━━━ RECORD EXCERPTS ━━━

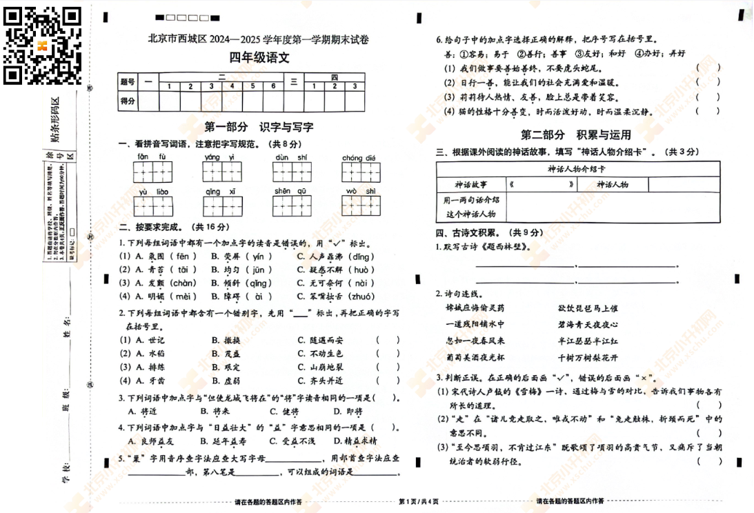 2025-2026学年(上)西城区小学4年级语文期末试题预计在2026年1月出炉!家长可先下载去年期末试题,练习提升!新试卷公布后将更新在本页面,建议(Ctrl+D)收藏本页面!
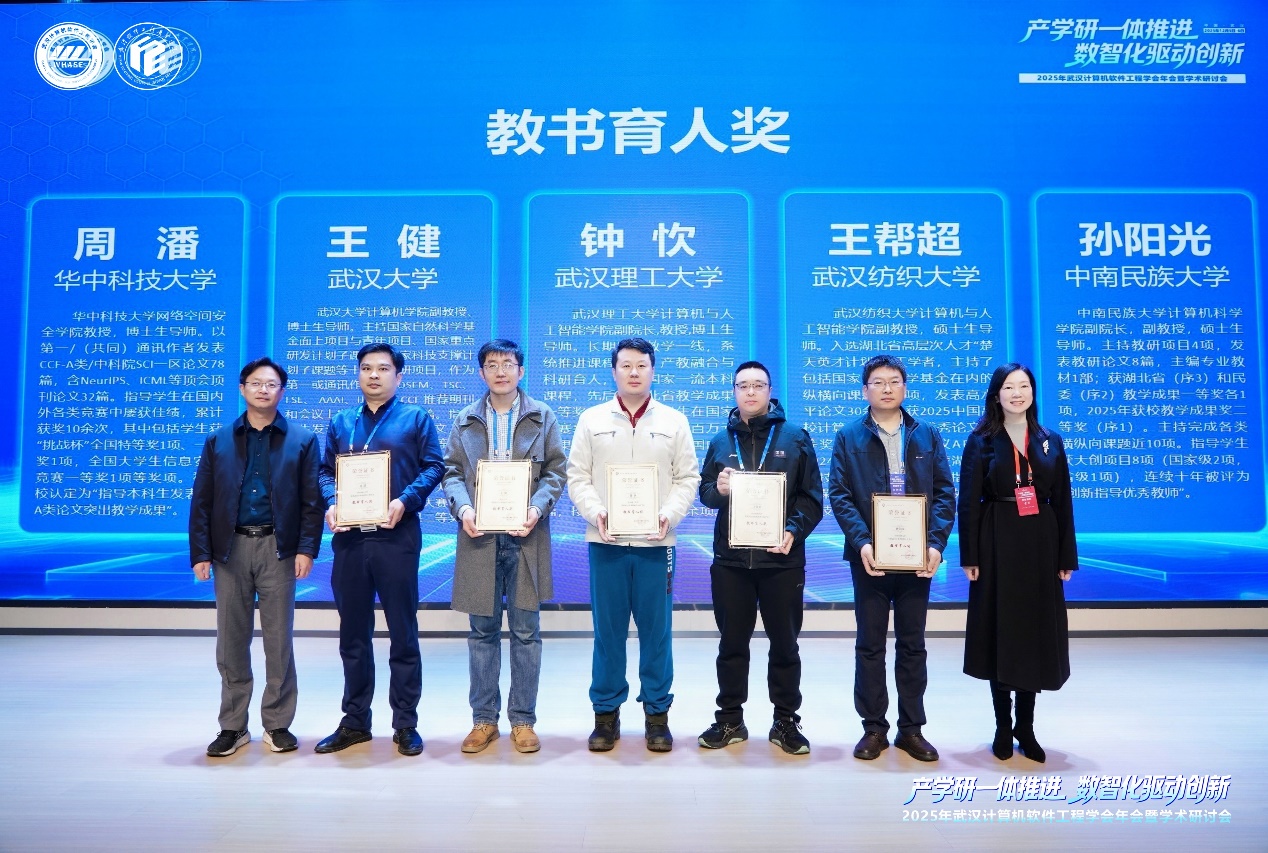 12月6日,在2025年武汉计算机软件工程学会年会暨学术研讨会的颁奖仪式上,我院软件工程系王帮超副教授喜获学会“教书育人奖”荣誉。该奖项是武汉计算机软件工程领域教育教学类的重要荣誉,每年评选不超过5名,需由不少于2名学会理事联名推荐,充分彰显了王帮超副教授在教育教学一线的突出成就与业界认可。
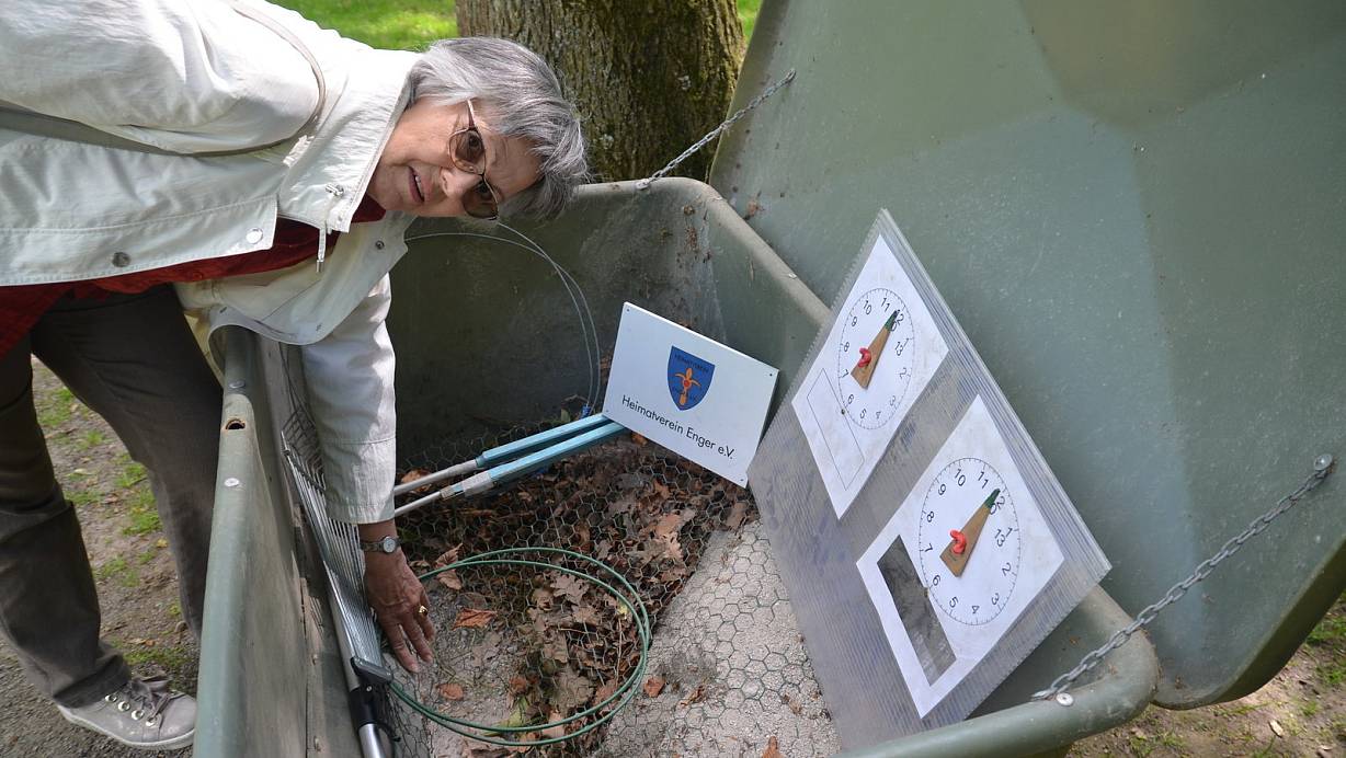 Inge Walkenhorst schaut in die Kiste, aus der Unbekannte die Boulekugeln entwendet haben. Ganz zuunterst lagert darin eine Schicht Splitt, darüber ist ein Drahtgeflecht gespannt, auf dem die Boule-Utensilien liegen. Dieses Drahtgeflecht haben die Diebe durch eine Öffnung unten in der Kiste durchtrennt und die Kugeln herausgeangelt. | © Mareike Patock
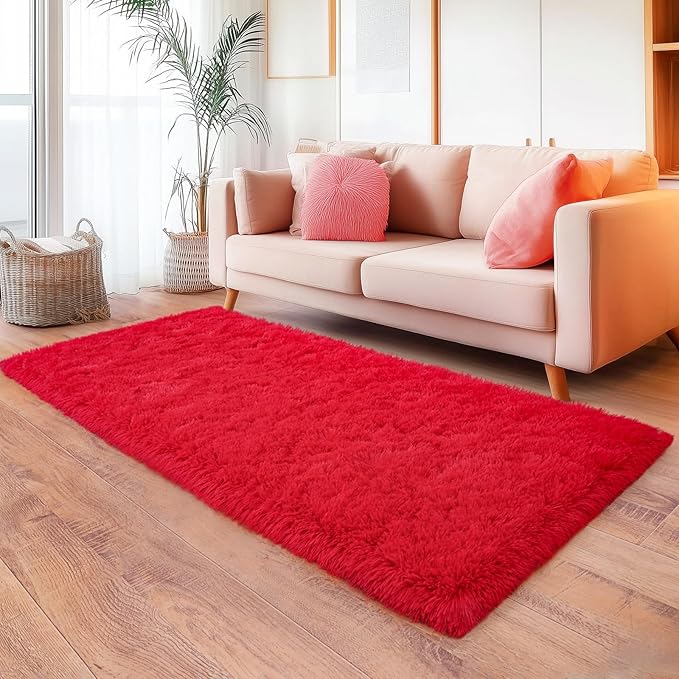 Red Runner Rug for Hallway, Bedroom Bedside Plush Rugs, Non Slip Fluffy Shaggy Carpet for Kids Home Decor, Dorm Nursery 2x6 Ft
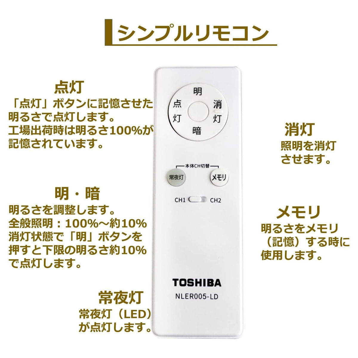 常夜灯の明るさは、リモコンで6段階調節可能です。常夜灯ボタンを押して点灯させ「明」「暗」ボタンで明るさを調整できます
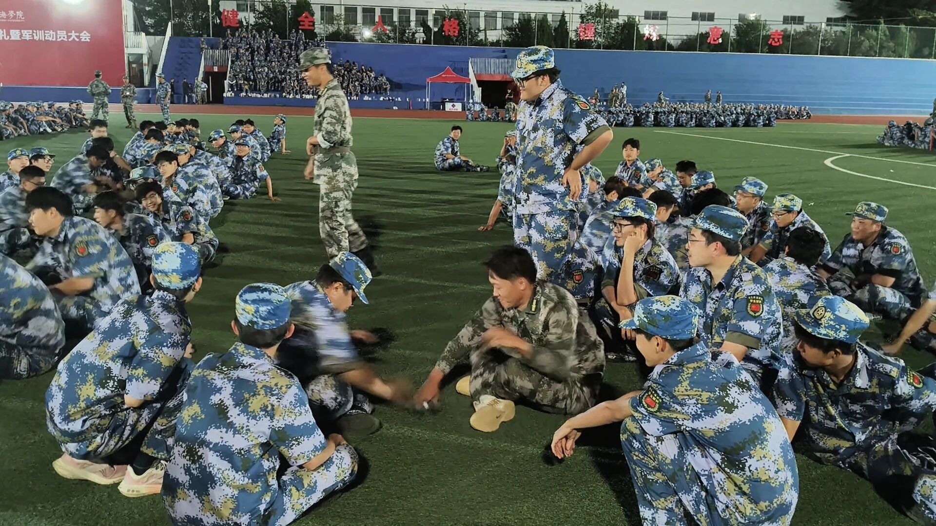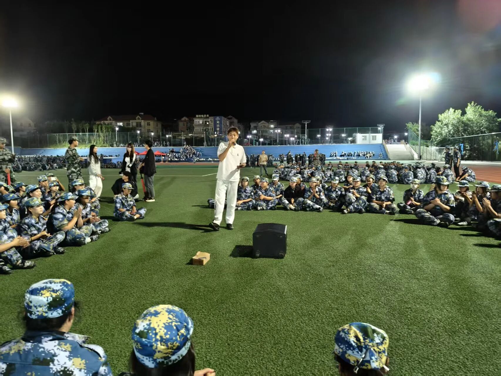 9月18日,今晚的风终于吹散了白天的燥热,也把我们从站军姿、踢正步的紧张里拉出来,夜晚的操场,并未因此沉寂,反而被一阵阵欢声笑语所充盈!
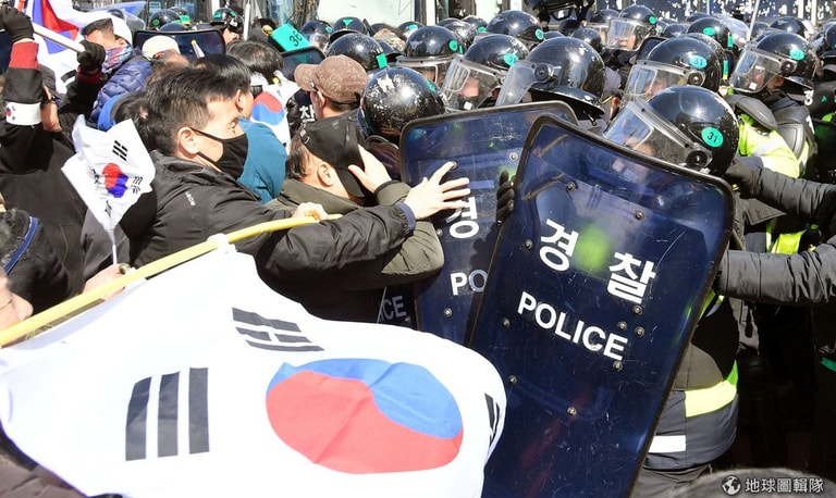 在首爾憲法法庭外,支持朴槿惠的民眾和鎮暴警察發生衝突,造成多人受傷。10號這天,憲法法庭 8名法官一致通過南韓總統朴槿惠的彈劾案,朴槿惠將會立刻失去總統權力,總統一職將交由國務總理暫時代理,並在 60天的時間內選出新總統。
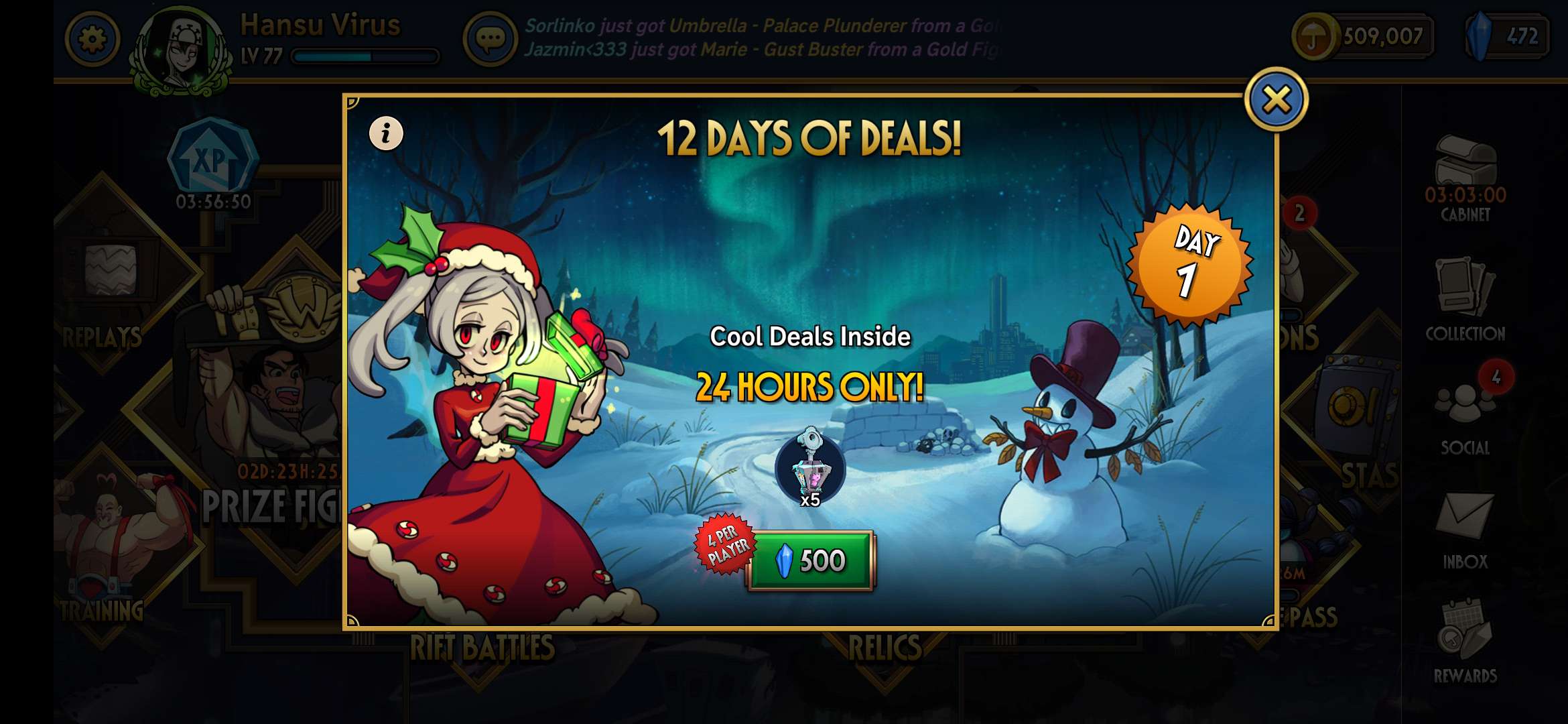 Sexy Santa Parasoul holding mistletoe in the backstage pass

━━━

- **EXERCISE OBJECTIVE**
Copy the records exactly, leaving out every picture.

- **RESULT**
 2025-2026学年(上)西城区小学4年级语文期末试题预计在2026年1月出炉!家长可先下载去年期末试题,练习提升!新试卷公布后将更新在本页面,建议(Ctrl+D)收藏本页面!
 12月6日,在2025年武汉计算机软件工程学会年会暨学术研讨会的颁奖仪式上,我院软件工程系王帮超副教授喜获学会“教书育人奖”荣誉。该奖项是武汉计算机软件工程领域教育教学类的重要荣誉,每年评选不超过5名,需由不少于2名学会理事联名推荐,充分彰显了王帮超副教授在教育教学一线的突出成就与业界认可。
 Inge Walkenhorst schaut in die Kiste, aus der Unbekannte die Boulekugeln entwendet haben. Ganz zuunterst lagert darin eine Schicht Splitt, darüber ist ein Drahtgeflecht gespannt, auf dem die Boule-Utensilien liegen. Dieses Drahtgeflecht haben die Diebe durch eine Öffnung unten in der Kiste durchtrennt und die Kugeln herausgeangelt. | © Mareike Patock
 Red Runner Rug for Hallway, Bedroom Bedside Plush Rugs, Non Slip Fluffy Shaggy Carpet for Kids Home Decor, Dorm Nursery 2x6 Ft
 常夜灯の明るさは、リモコンで6段階調節可能です。常夜灯ボタンを押して点灯させ「明」「暗」ボタンで明るさを調整できます
 9月18日,今晚的风终于吹散了白天的燥热,也把我们从站军姿、踢正步的紧张里拉出来,夜晚的操场,并未因此沉寂,反而被一阵阵欢声笑语所充盈!
 在首爾憲法法庭外,支持朴槿惠的民眾和鎮暴警察發生衝突,造成多人受傷。10號這天,憲法法庭 8名法官一致通過南韓總統朴槿惠的彈劾案,朴槿惠將會立刻失去總統權力,總統一職將交由國務總理暫時代理,並在 60天的時間內選出新總統。
 Sexy Santa Parasoul holding mistletoe in the backstage pass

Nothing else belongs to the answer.